Doorways and windows into sidewalks basements exposed by demoltion. Town in [northwest] Ohio, c1992-93.
Sidewalk Room (tentative name). A room intended to be used for people, instead of storage, movement of materials into the basement, or access. Probably rare; finished basement rooms were usually in the basement, with only utilitarian spaces under the sidewalk.
The Nipgen Block in Chillicothe, Ohio had a couple of these, but they were usable and intended for people only because they had been renovated in the 1970s as part of a bar.
Coal Bin. A sidewalk basement used to hold coal. A small removable cover at the top center was used as the coal chute, and is often mistaken for a manhole cover. These are often perforated or have grillwork, apparently to allow ventilation of the coal pile.
Typical vented coal bin "manhole"covers.
Wine Cellar or Beer Vault. A rectangular room, usually arched, that is set deeper underground than the average basement to utilize the insulating properties of the earth. Larger ones are found under breweries and wineries, but smaller ones may be found in residential locations. These are usually within the perimeter of the building above, but some may project out, especially small residential cellars.
The Emmett House, Waverly, Ohio, has (or had) one, and I'm fairly certain it was for drinkables storage.
Ground Cellar or Storm Cellar. (Not really and urban phenomenon.) An external basement separated from a building probably to utilize the insulating properties of the earth and to simplify its construction. Usually projects from the ground, creating a low mound with a door in it. Used to store and keep cool household goods, and in weather emergencies, to be safe from high winds and tornadoes.
Sidewalk Stairs. An open stairway for pedestrians, leading from a sidewalk or yard down into a basement. These have typical amenities, such as hand railing, railing along the edge of the stairwell for safety, and stairs with a reasonable slope. They are almost always associated with a basement room used for public or commercial use (such as a pub or bar).
An open, usable stairway into the basement (and beside the wine cellar) of the Emmett House in Waverly, Ohio.

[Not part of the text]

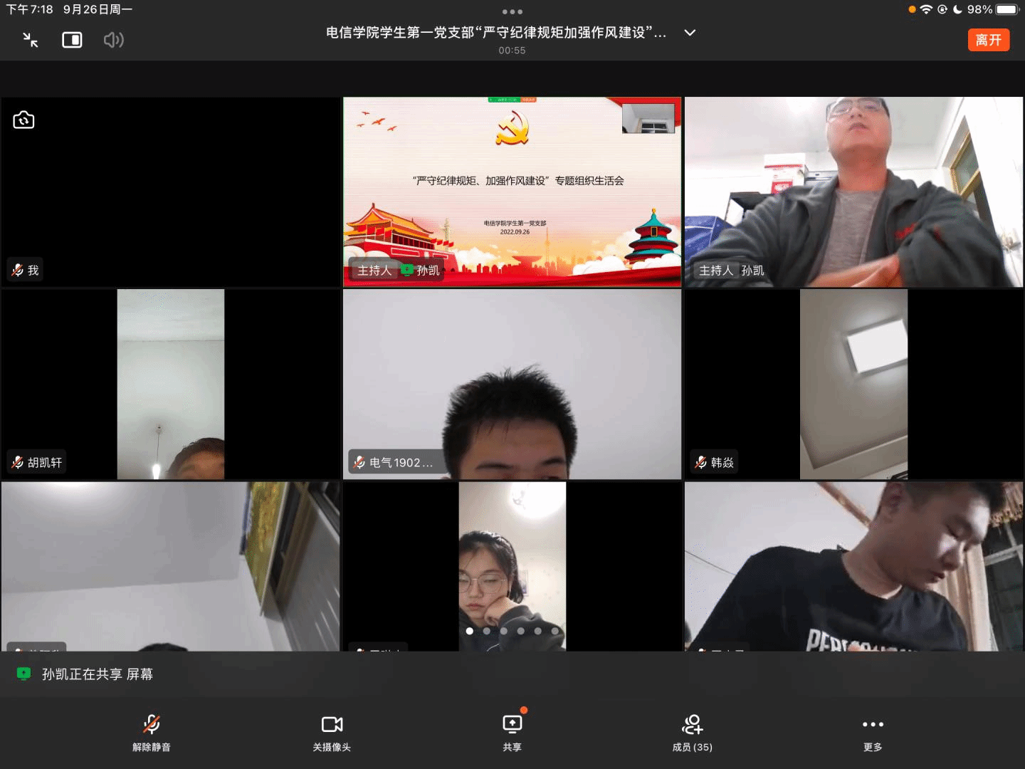 9月26日,各支部在线上召开“严守纪律规矩、加强作风建设”专题组织生活会,全体党员结合集体学习、个人自学、党规党纪知识测试和警示教育活动的收获,结合岗位职责和履职尽责等个人实际情况,谈认识、谈体会,深刻开展批评与自我批评,支部全体党员从支部发展建设、支部理论学习、支部党建实务、党员发展、三会一课制度的落实等方面查摆支部所面临的问题,并提出自己的改进建议。会上党员同志们直面问题、坦诚相见,实事求是地提出相应的批评意见,同时虚心听取各种批评与建议,在严肃认真的会议氛围中成功召开此次专题组织生活会。

Bulkhead Stairs or Cellar Stairs. An external stairway leading from a sidewalk or yard down into a basement, often with a pair of heavy doors covering the stairs and mounted at a low angle so as to have a low profile but still shed water. The stairs are usually steeper than more-often traveled residential stairs. Some may have a narrow slope running down the center of the stairs for the use of wheelbarrows. These may be modernized by replacement with steel bulkhead doors flush with a sidewalk.

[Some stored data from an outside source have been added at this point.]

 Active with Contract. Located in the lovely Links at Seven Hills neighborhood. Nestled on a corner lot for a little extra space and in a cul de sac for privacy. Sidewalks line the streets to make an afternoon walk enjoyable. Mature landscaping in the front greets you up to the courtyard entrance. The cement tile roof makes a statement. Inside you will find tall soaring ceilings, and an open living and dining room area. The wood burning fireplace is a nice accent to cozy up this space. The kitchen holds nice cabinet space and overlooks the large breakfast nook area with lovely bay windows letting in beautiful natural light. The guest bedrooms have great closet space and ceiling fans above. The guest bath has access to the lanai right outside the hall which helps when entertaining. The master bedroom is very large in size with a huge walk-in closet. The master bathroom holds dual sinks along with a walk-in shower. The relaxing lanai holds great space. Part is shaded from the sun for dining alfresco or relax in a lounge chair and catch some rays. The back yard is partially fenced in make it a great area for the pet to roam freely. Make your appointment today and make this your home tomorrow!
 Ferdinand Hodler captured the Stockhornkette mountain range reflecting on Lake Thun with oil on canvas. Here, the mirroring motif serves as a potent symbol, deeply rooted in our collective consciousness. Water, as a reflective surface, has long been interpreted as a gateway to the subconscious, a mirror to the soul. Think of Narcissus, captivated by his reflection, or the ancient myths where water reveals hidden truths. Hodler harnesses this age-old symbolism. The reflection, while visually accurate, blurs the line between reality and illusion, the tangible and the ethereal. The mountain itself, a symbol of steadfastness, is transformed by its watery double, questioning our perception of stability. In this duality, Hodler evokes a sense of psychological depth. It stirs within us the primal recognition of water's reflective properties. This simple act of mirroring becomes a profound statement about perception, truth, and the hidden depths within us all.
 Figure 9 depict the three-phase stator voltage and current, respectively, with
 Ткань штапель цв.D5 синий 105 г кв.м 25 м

"Gall's Barber Shop" in Chillicothe, Ohio before demolition. Note the steel plate in the sidewalk at the right corner of the building.

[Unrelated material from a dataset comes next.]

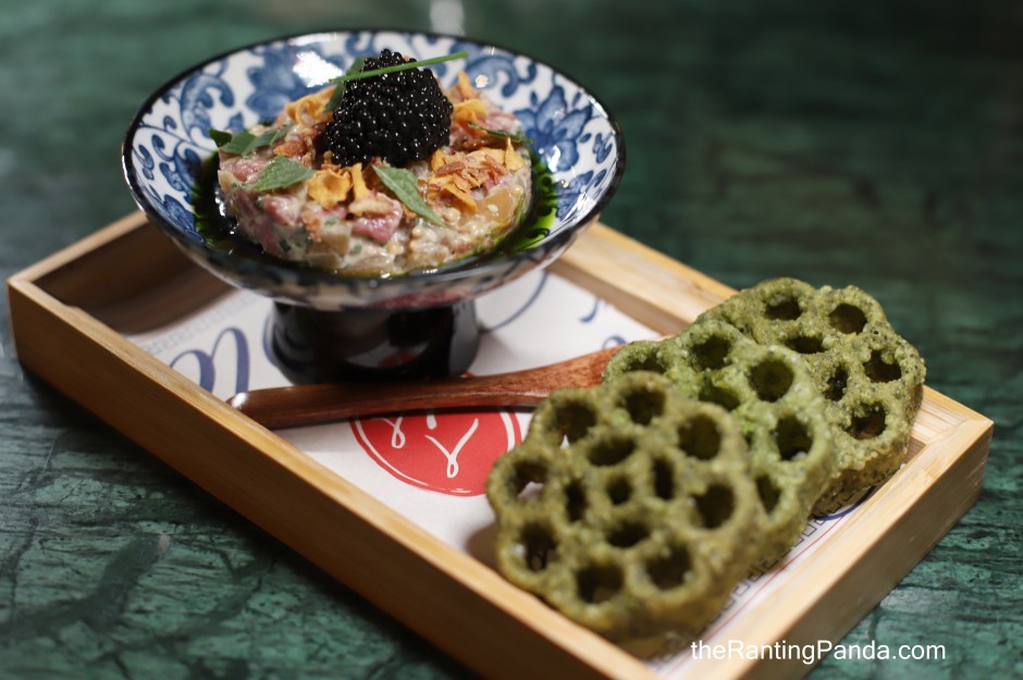 Moving on to the sharing starters, I recommend going for the Steak Tartare (S$26.90) with sour cream, wasabi, mustard, charred onion, and pickled chye sim, topped with fried garlic chips, fried shallot chips, and caviar. This is served alongside shiso Kueh Loyang where you can spread the beef tartare on it to have it in a crispy bite!
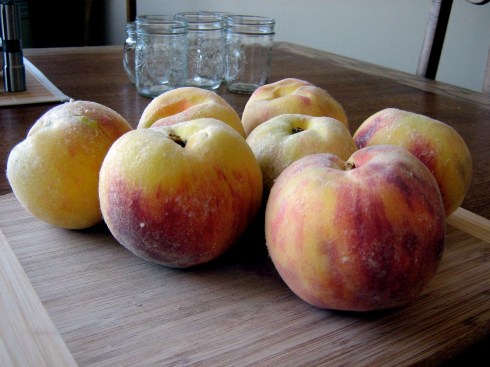 As soon as I saw the post for peach butter on smitten kitchen, I knew I was going to be making some (actually, I think that for most of the recipes she posts). My mum used to make peach butter when I was little and I could practically devour a whole jar in one sitting. So good. Okanagan peaches are in season here (88 cents a pound!) so I came home with 4 lbs the other day and got down to preserving.

"Gall's Barber Shop" after demolition, view of the inside of the front foundation wall. That steel plate was a door covering the stairway shaft at the left side of this image.
Coal Chute [Diagram item 2]. This is merely a steep external masonry slope leading from a sidewalk or yard down into the basement of a building, with a rectangular opening in the sidewalk covered by a wood or steel door. Coal was delivered for furnaces through this (and the kids in the "Our Gang" or "Little Rascals" short movies from the 1930s once used one for an adventure - such as the one that the "Goonies" movie was styled after). The opening would be smaller or narrower than a bulkhead doorway.
One of the more ornamented coal chute covers. Note the drop-down bar handle in the center.
Elevator Shaft. This is an open vertical shaft with an elevator platform and doors at sidewalk level. The one example this researcher has been in (in the Nipgen Block addition in Chillicothe, Ohio) had a steel hand-crank elevator. With the elevator equipment removed, this may appear the same as a large coal chute.
The steel doors in the sidewalk closest to the camera are probably just access doors. The doors to the hand-crank elevator are in the middle distance on the left edge of the sidewalk.